Dia mengatakan, para purnawirawan turut memberikan masukan tentang proposal AS menyangkut overflight blanket clearance. Mereka memiliki analisis dan pertimbangan baik yang akan dibahas dengan kementerian dan instansi terkait, termasuk DPR. Hingga saat ini, kata Rico, proposal tersebut masih bersifat letter of intent (LOI).

2. Sjafrie jelaskan rencana pemerintah ingin bangun 150 batalyon per tahun

Menteri Pertahanan Sjafrie Sjamsoeddin ketika ikut menjadi pembicara di acara retret Ketua DPRD seluruh Indonesia di Akademi Militer, Magelang. (Dokumentasi Lemhanas RI)

Rico mengatakan, topik lain yang juga disinggung oleh Sjafrie dalam reuni bersama para purnawirawan pejabat tinggi TNI itu tentang rencana pembangunan 150 batalyon teritorial pembangunan (BTP) setiap tahunnya. Apalagi, Presiden Prabowo Subianto mengatakan, jumlah BTP setara dengan kabupaten di seluruh wilayah Indonesia, yakni 514.

"Itu termasuk bagian yang dijelaskan oleh Bapak Menhan dan Bapak Panglima TNI tentang pembangunan kekuatan TNI ke depannya. Rencananya setiap tahun akan dibangun 150 batalyon teritorial pembangunan (BTP)," kata dia.

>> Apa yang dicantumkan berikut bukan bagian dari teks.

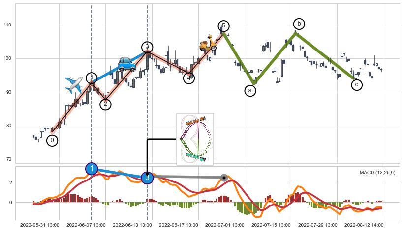 ➣ 波浪理论:猜想达到c点后小回调终止反转上涨 → 上涨 → 【拐点】临近 → 阶段均值回复结束后继续大周期趋势跟踪

Ketika ditanyakan apakah ada penolakan dari purnawirawan pejabat tinggi usai dijelaskan Sjafrie, Rico menyebut sebagian besar informasi yang disampaikan ditanggapi positif.

"Sebagian besar mendapatkan respons yang positif setelah mendapatkan penjelasan dari Bapak Menhan atau Bapak Panglima TNI kaitannya dengan pengembangan kekuatan ke depan. Akhirnya para purnawirawan ikut mengetahui perkembangannya setelah beliau tak lagi berada di jajaran TNI atau Kementerian Pertahanan," ujar dia.

3. Lima mantan Panglima TNI ikut hadiri silaturahmi di Kemhan

Mantan Panglima TNI, Jenderal Gatot Nurmantyo ketika tiba di Kementerian Pertahanan. (IDN Times/Santi Dewi)

Untuk kali pertama, Menhan Sjafrie Sjamsoeddin mengundang puluhan purnawirawan pejabat tinggi TNI dalam acara silaturahmi di kantor Kemhan, Jakarta Pusat pada Jumat. Pantauan IDN Times, purnawirawan tinggi TNI itu sudah mulai tiba di kantor Kemhan pukul 08.30 WIB. Purnawirawan jenderal yang terlihat hadir antara lain Jenderal TNI (Purn) Wiranto, Jenderal TNI (Purn) Gatot Nurmantyo, Laksamana TNI (Purn) Yudo Margono, hingga Marsekal TNI (Purn) Djoko Suyanto.

Selain itu, ada pula Menteri Koordinator Bidang Politik dan Keamanan, Letjen TNI (Purn) Djamari Chaniago, dan mantan Kepala Staf TNI Angkatan Darat (KSAD) Jenderal (Purn), Dudung Abdurachman.

Sjafrie mengucapkan terima kasih kepada para purnawirawan TNI karena sudah meluangkan waktunnya untuk hadir dan bersilaturahmi. Salah satu tujuan mantan Pangdam Jaya itu mengumpulkan eks Panglima TNI lantaran ingin menginformasikan mengenai kebijakan strategi pertahanan yang telah berjalan selama dua tahun pemerintahan Presiden Prabowo Subianto.

"Ini menunjukkan bahwa kami selama hampir dua tahun ini bekerja bersama-sama, istilahnya kerja sama dan sama-sama bekerja, dalam rangka pembangunan kekuatan pertahanan negara, khususnya pembangunan kekuatan TNI," ujar Sjafrie di ruang Aula Bhineka Tunggal Ika, Kemhan, Jakarta Pusat.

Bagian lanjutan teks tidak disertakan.